• [ASSIGNED TASK]: Repeat only the lines between the one with "Antes de la" and the end of the material below, both ends included. Omit any picture.

• [INPUT DATA]:
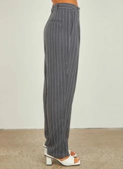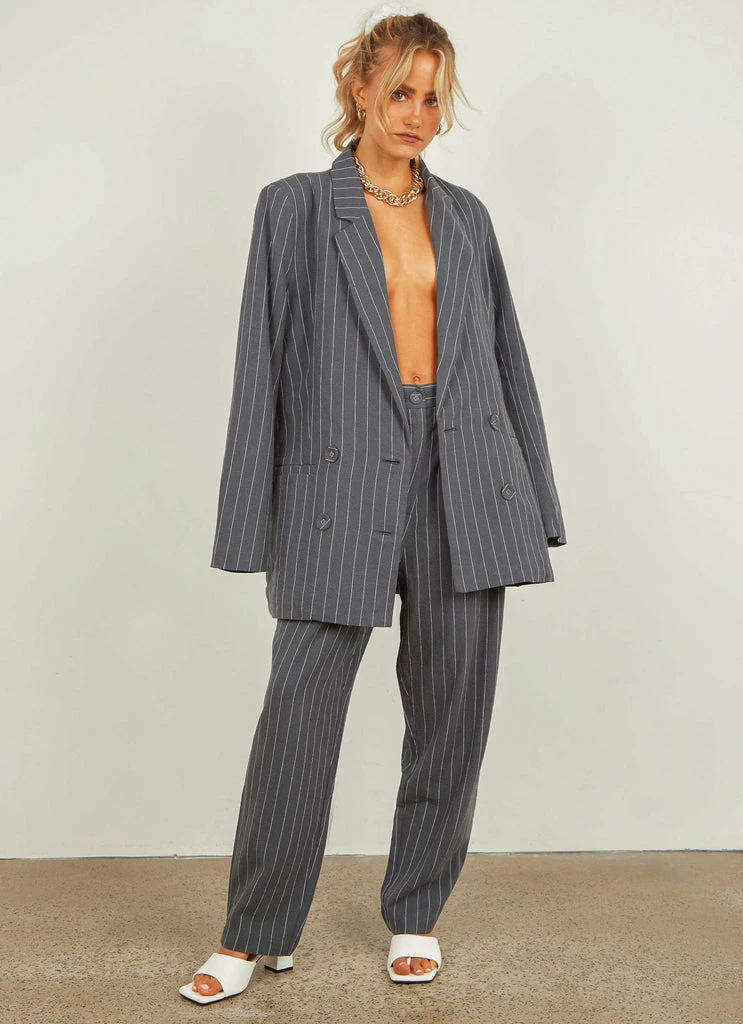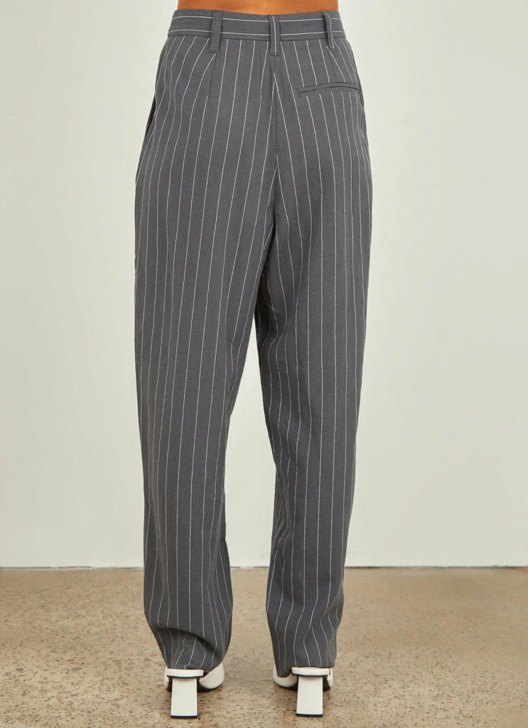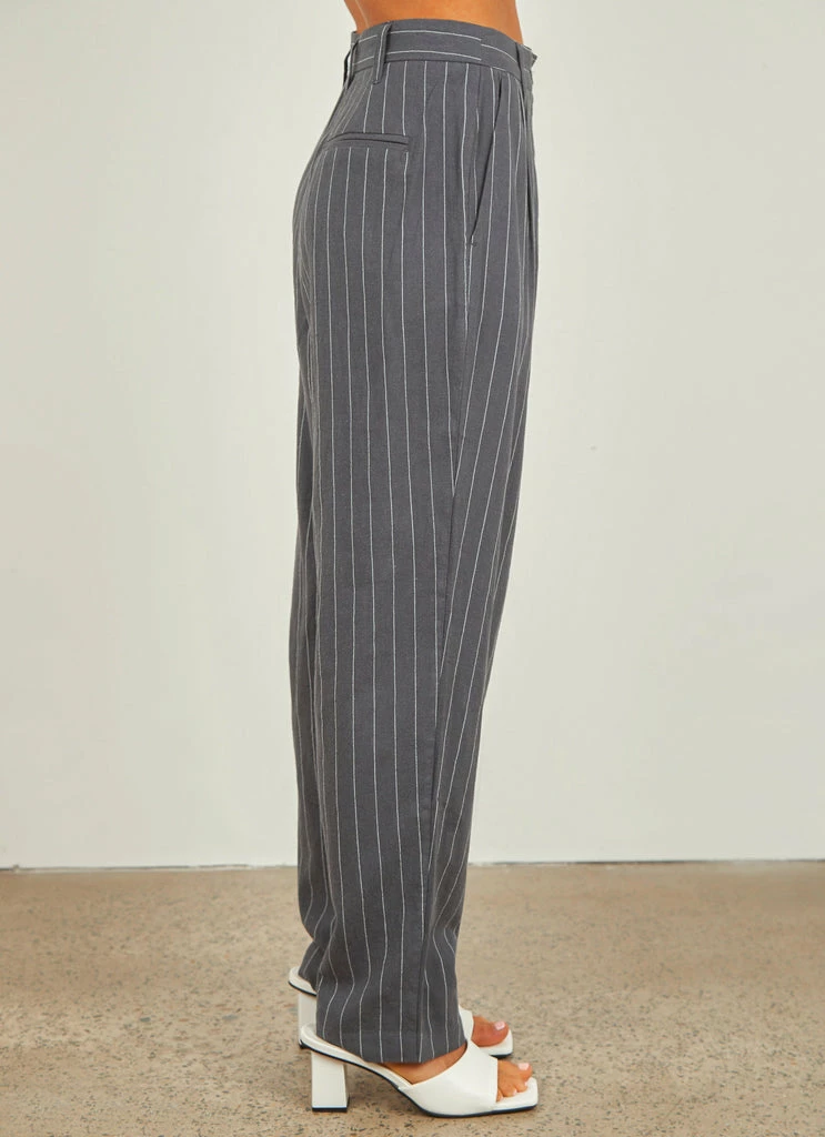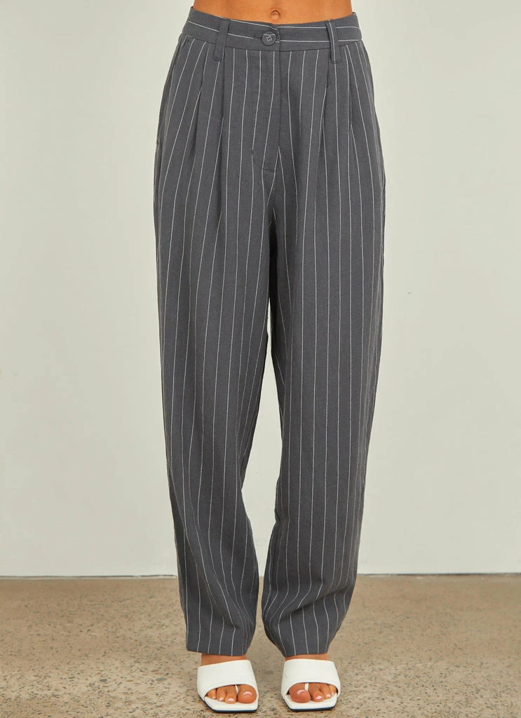 The Finley Pant in Navy Pinstripe is a classic tapered leg tailored pant. Crafted in a linen blend, it features a high waist with an elasticated waistband, in seam pockets and cropped hem. Pair with our Finley Pinstripe Blazer for a matching suit set.
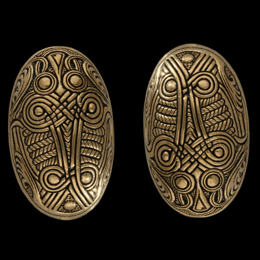Elles sont décorées de motifs géométriques qui semblent abstraits, mais qui font probablement référence à Odin. En observant la broche, on peut voir le masque d'un guerrier. Cette symbolique abstraite est souvent utilisée pour représenter Odin, le dieu de la guerre. Certains motifs géométriques ressemblent également à des plumes, ce qui fait ressembler la broche au dos d'un oiseau, plus précisément à un corbeau, l'oiseau sacré d'Odin.
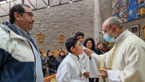 Antes de la bendición final, Jimena Beroiza, madre de dos de los niños que iniciaron su Vida Eucarística, manifestó que “este día es muy importante para las personas creyentes, sin embargo, para nosotros que tenemos hijos e hijas con capacidades diferentes es doblemente importante y significativo, porque hoy reciben el Cuerpo de Cristo, es decir su Primera Comunión”.
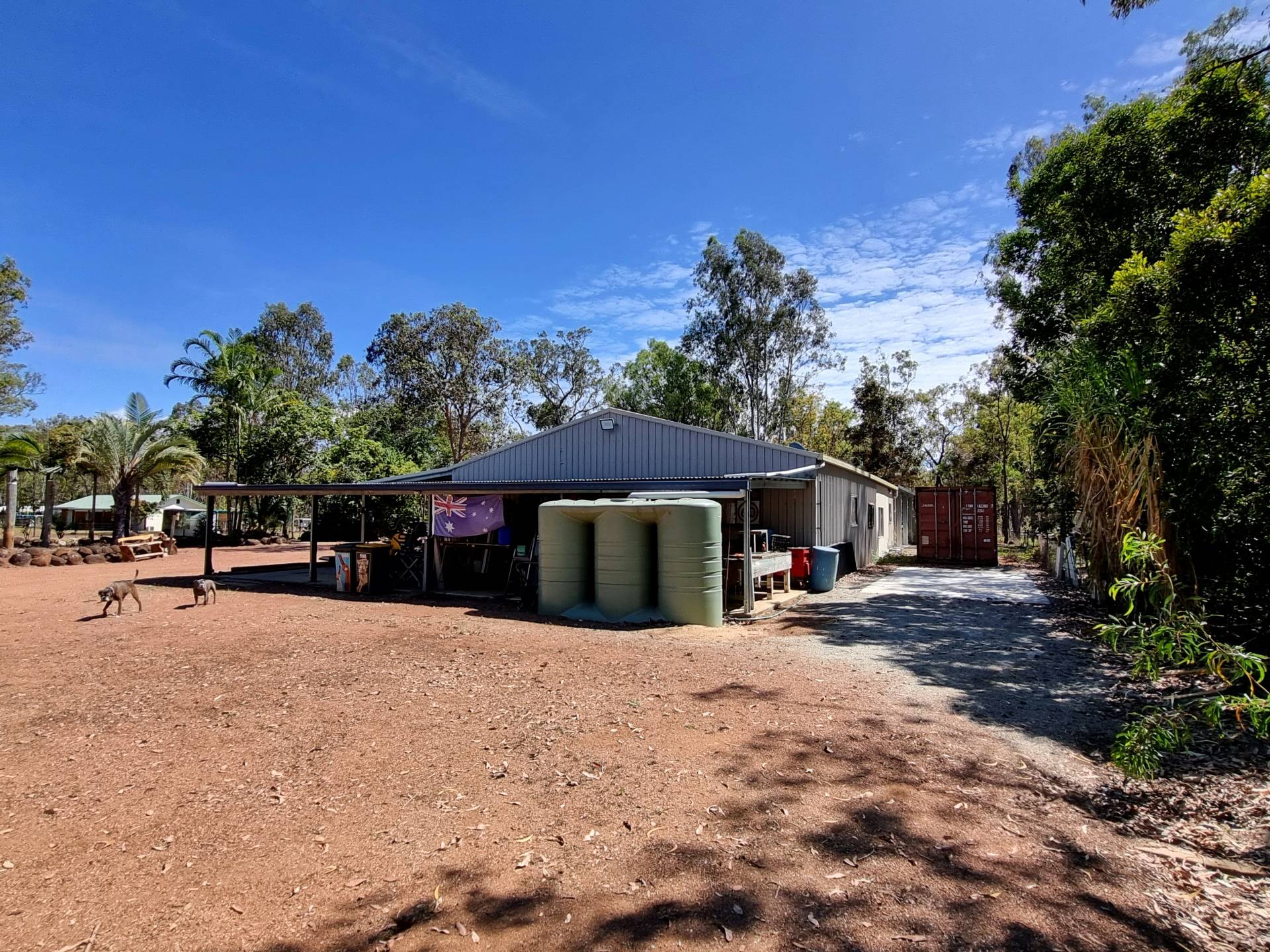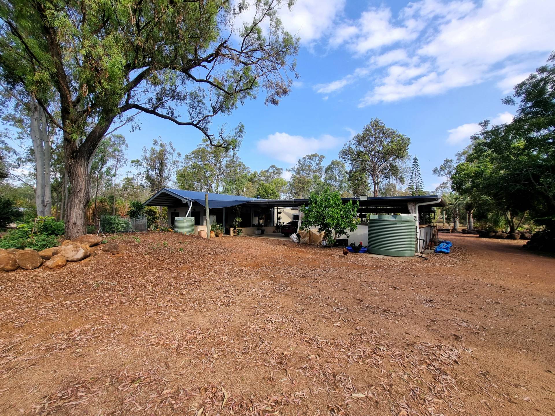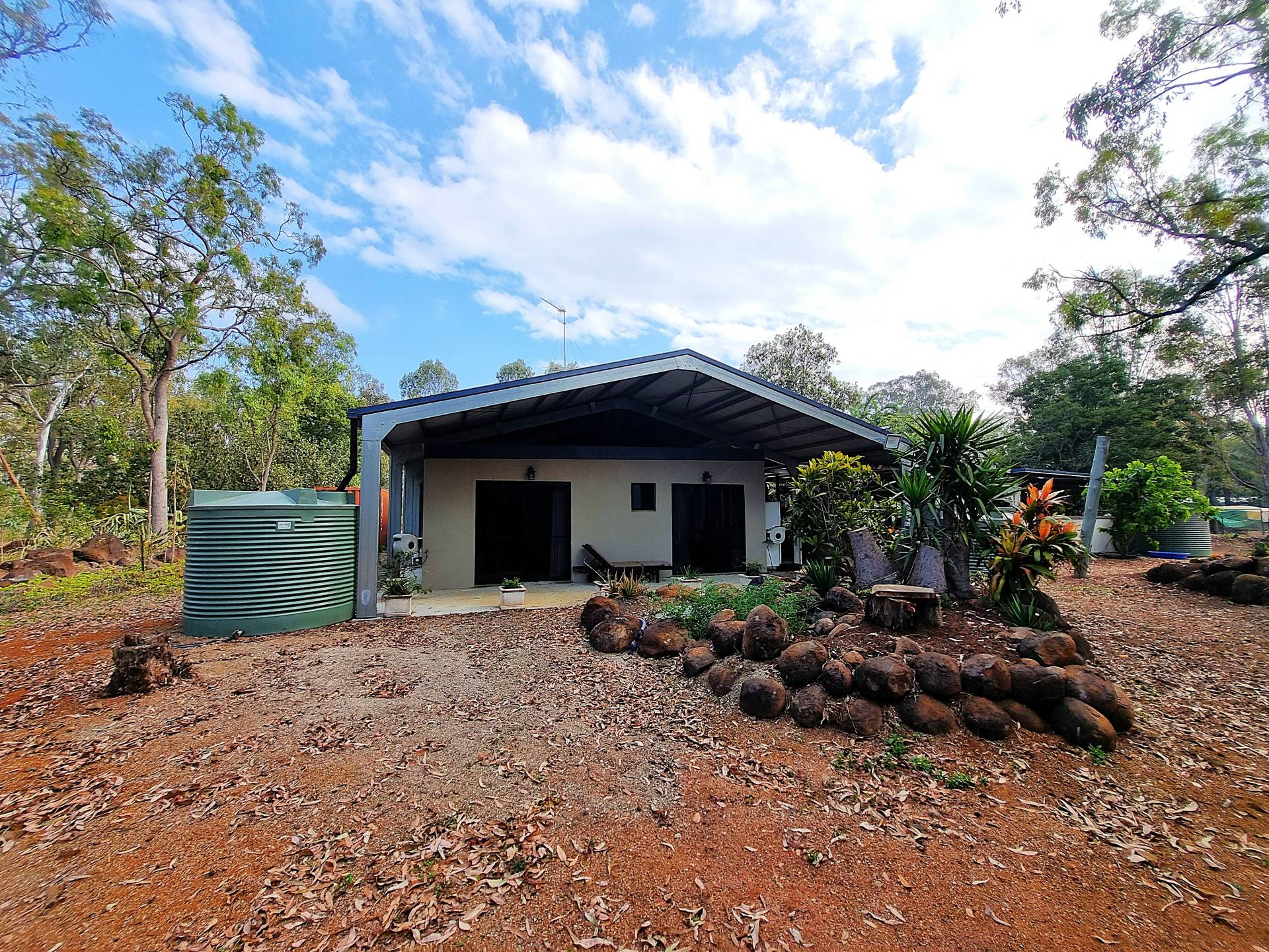 The beautifully landscaped front yard features a solar powered bore feeding irrigation pipes and water tanks. Water security is assured with town water, a 17500l, three 5000l, and one 2500l tank adding up to 35000 litres.

• [WRITTEN SOLUTION]:
 Antes de la bendición final, Jimena Beroiza, madre de dos de los niños que iniciaron su Vida Eucarística, manifestó que “este día es muy importante para las personas creyentes, sin embargo, para nosotros que tenemos hijos e hijas con capacidades diferentes es doblemente importante y significativo, porque hoy reciben el Cuerpo de Cristo, es decir su Primera Comunión”.
 The beautifully landscaped front yard features a solar powered bore feeding irrigation pipes and water tanks. Water security is assured with town water, a 17500l, three 5000l, and one 2500l tank adding up to 35000 litres.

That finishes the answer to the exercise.